Deathtrap Maintenance
Outside of being killed by the hero, killed by your employer, killed in a car-accident, killed by falling off a cliff, killed by being run over by a fruit stand, and killed by malfunctioning super weapon, deathtrap-based accidents are the #1 cause of henchmen death in the workplace. If your employer has set up deathtraps in his secret lair, make sure they are well-maintained and in good repair before being used. If necessary, you can test them by throwing one of your fellow henchies into the trap. Many more economical super villains use this as policy, so if you’re selected to be tossed into the tank full of bees, then know that you are doing your part to keep your workplace accident free!
On Super Heroines
These days, you may frequently come across superheroic do-gooders who are, in fact, women. If so, don’t be alarmed. A recent Statistics Canada survey found that nearly 56% of superheroes these days are female (or lady robots), so it’s to be expected. Don’t be surprised too if your employer sends you off on a foolhardy quest to capture said super heroine in order to lure out a male hero/make her his bride/elaborately contrived and ultimately pointless bondage scenario. It’s a perk of the job!

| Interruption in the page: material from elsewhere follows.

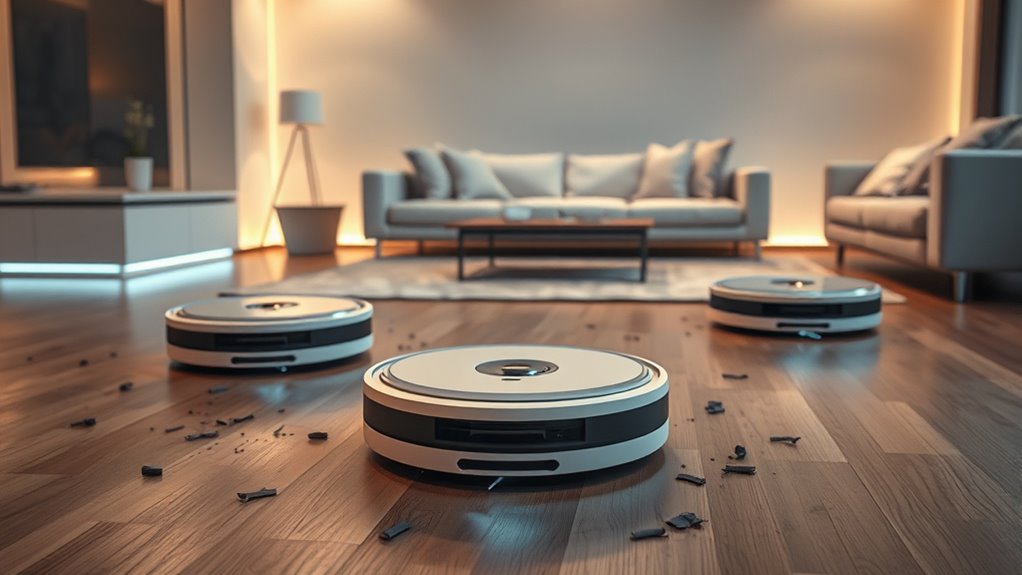 Think of choosing a robot vacuum that maps fast like picking a trusty compass for an uncharted adventure. With the right one, your home becomes a well-mapped landscape, effortlessly navigated and cleaned. When you select a smart, efficient model, it’s like having a loyal guide who knows every corner. So, trust your instincts, pick the best, and let your new robotic helper turn your cleaning journey into a smooth sailing voyage.

That being said, it’s really easy to get in trouble with these sorts of things, or even get sued for sexual harassment! Saddy-face. So always keep this in mind: never search the heroine in question for any knives, sharp objects, sonic screwdrivers or anything else she could use to escape. You may be faceless, gas-masked servants of an evil mad scientist trying to turn the population of Cape Breton Island into shambling radioactive horrors (no different than usual for Cape Breton Island, surely?), but be professional about it. No one likes a lawsuit, except for lawyers, and it’s not like she’ll be able to escape from his Fortress of Doom guarded by you stout fellows, right? Encouraging-face!
So, there you go, evil friends! Now put on your best jackboots and start going to those supervillain career fairs!